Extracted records
-- -- --

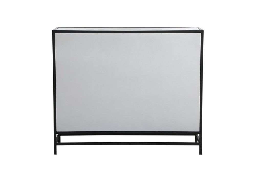 Crafted with mdf, clear mirror panels, and acrylic handles with metal accents
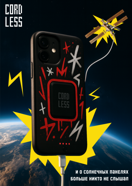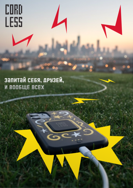 В своём скетче я подчеркнул преимущество использования чехлов Cordless в виде бесконечной связи. Контраст в размерах блоков текста привлекает внимание зрителя к главному — с чехлами Cordless тебе никогда не нужно заряжать телефон, а значит ты всегда готов к звонкам и сообщениям.
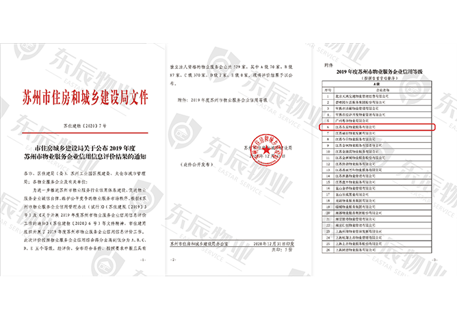 • 2019年度蘇州市物業(yè)服務企業(yè)信用等級A級
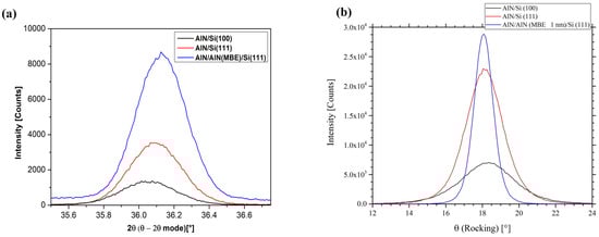 In fact, the Si substrate surface has an impact on the epitaxial growth of AlN, as the chemical contaminants and particulate impurities on the Si surface influence the characteristic of AlN films, and also the device performance and the yield [,,]. For that, the Si surface condition is very important. Generally, the wet etching method is used to clean the Si substrate surface [,,]. The impact of the Si substrate surface on the epitaxial growth of AlN was studied [], but, unfortunately, the mechanism is still not clear. K. Ait Aissa et al. [] showed that the interface between the AlN film and the Si(100) substrate is abrupt, which indicates a local epitaxial growth of AlN on Si(100) deposited by high-power impulse magnetron sputtering (HiPIMS), However, an amorphous intermediate layer was seen in the case of the AlN film grown on Si(100) by direct current magnetron sputtering (DCMS).
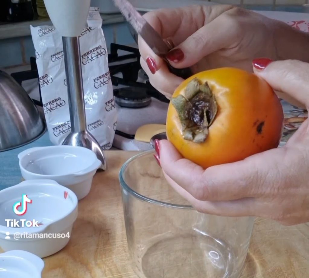 Snijd het in stukken en doe het in een kom. Als je kaki appels gebruikt, die harder zijn, voeg dan 2 eetlepels water toe per 150 g vrucht.
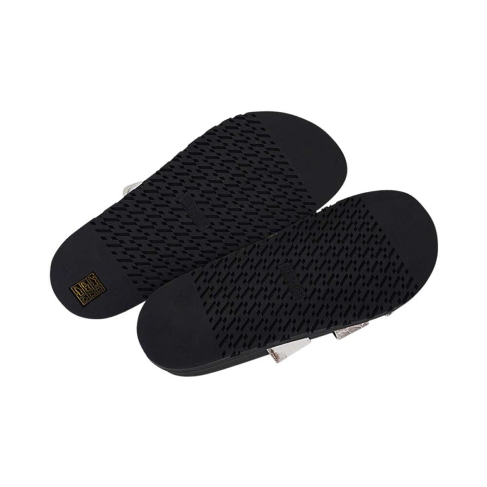 The wide exotic leather strap features an adjustable Velcro closure, creating a perfect blend of functionality and sophistication. This unique silhouette reimagines casual footwear as a luxury statement.

-- -- --

Repeat every record above exactly, except the pictures.

 Crafted with mdf, clear mirror panels, and acrylic handles with metal accents
 В своём скетче я подчеркнул преимущество использования чехлов Cordless в виде бесконечной связи. Контраст в размерах блоков текста привлекает внимание зрителя к главному — с чехлами Cordless тебе никогда не нужно заряжать телефон, а значит ты всегда готов к звонкам и сообщениям.
 • 2019年度蘇州市物業(yè)服務企業(yè)信用等級A級
 In fact, the Si substrate surface has an impact on the epitaxial growth of AlN, as the chemical contaminants and particulate impurities on the Si surface influence the characteristic of AlN films, and also the device performance and the yield [,,]. For that, the Si surface condition is very important. Generally, the wet etching method is used to clean the Si substrate surface [,,]. The impact of the Si substrate surface on the epitaxial growth of AlN was studied [], but, unfortunately, the mechanism is still not clear. K. Ait Aissa et al. [] showed that the interface between the AlN film and the Si(100) substrate is abrupt, which indicates a local epitaxial growth of AlN on Si(100) deposited by high-power impulse magnetron sputtering (HiPIMS), However, an amorphous intermediate layer was seen in the case of the AlN film grown on Si(100) by direct current magnetron sputtering (DCMS).
 Snijd het in stukken en doe het in een kom. Als je kaki appels gebruikt, die harder zijn, voeg dan 2 eetlepels water toe per 150 g vrucht.
 The wide exotic leather strap features an adjustable Velcro closure, creating a perfect blend of functionality and sophistication. This unique silhouette reimagines casual footwear as a luxury statement.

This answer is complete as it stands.